Como vê não é em soneto, mas rima.
Luís, os documentos referidos no Manifesto foram objecto de consenso, embora não fossem naturalmente ratificados por todas as nações. Seja como for, os valores e direitos éticos não precisam de reconhecimento para existir.
Hoje a questão é esta: refundar tudo, desde a religião à política, em valores mais amplos, universais. A alternativa é continuarmos na estreiteza mental e na marcha fúnebre deste mundo. E a isso o MIL, se não "abrir a pestana", não escapa... Não se pode ser alternativa sem ruptura radical com a ordem dominante que é a da estreiteza do pensar e do sentir.

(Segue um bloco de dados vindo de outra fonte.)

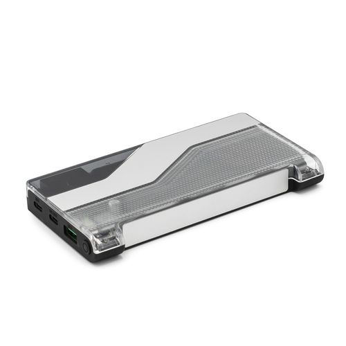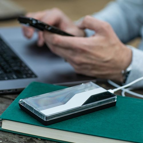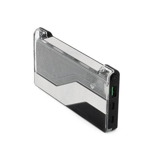 Batterie portable Voltix au design futuriste et élégant, en ABS recyclé. Équipée de 2 ports USB- A et 1 port USB- C, elle permet une charge rapide (jusqu’à 18W) et peut recharger un smartphone 4 à 5 fois avec une seule charge. Écran LCD intégré pour suivre le niveau d’énergie. Livrée dans une boîte kraft individuelle "seconde vie". Entrez dans le monde de la commodité.

Está tudo muito certo, mas aquele comentário imediatamente a seguir ao meu poema era, no mínimo, susceptível de constituir uma intencional provocação. Se mal interpretei, apresento desculpas. Que a moderação seja a nota dominante de quantos navegam nestas águas. Moderação com respeito e nobreza de atitudes.
Assim seja, amigo João.
"LIÇÃO DE TOLERÂNCIA"
(AO Prof. Erik Trinkaus)
Dou-lhe toda a razão, sinceramente,
insigne Professor, pela censura
que faz ao mundo de hoje, à nossa gente,
de acordo com a sua conjectura.
Embora exista alguma discordância,
tudo faz crer que entre os Neandertais
e os nossos mais antigos ancestrais
houve uma relativa tolerância.
Contrariamente a nós, civilizados,
onde o racismo ainda é uma praga,
eles nos dão lições... que nada paga.
Tratando-se de ramos afastados
da espécie humna em franca divergência,
nada se opôs à sua convivência!
JOÃO DE CASTRO NUNES
O MENINO DO LAPEDO
(Ao Prof. João Zilhão)
Numa bela manhã de primavera
numa caverna escura como breu
algo de nunca visto aconteceu
e que somente agora se soubera.
A fim de se abrigarem da friagem
insuportável que fazia fora
um neandertal entrando se enamora
de ignota e feminina personagem.
Era uma sapiens que se extraviara
do respectivo bando e que entretanto
naquela mesma gruta se acoitara.
Meses depois, para geral espanto,
desse fortuito encontro resultou
o estranho ser que há pouco se encontrou!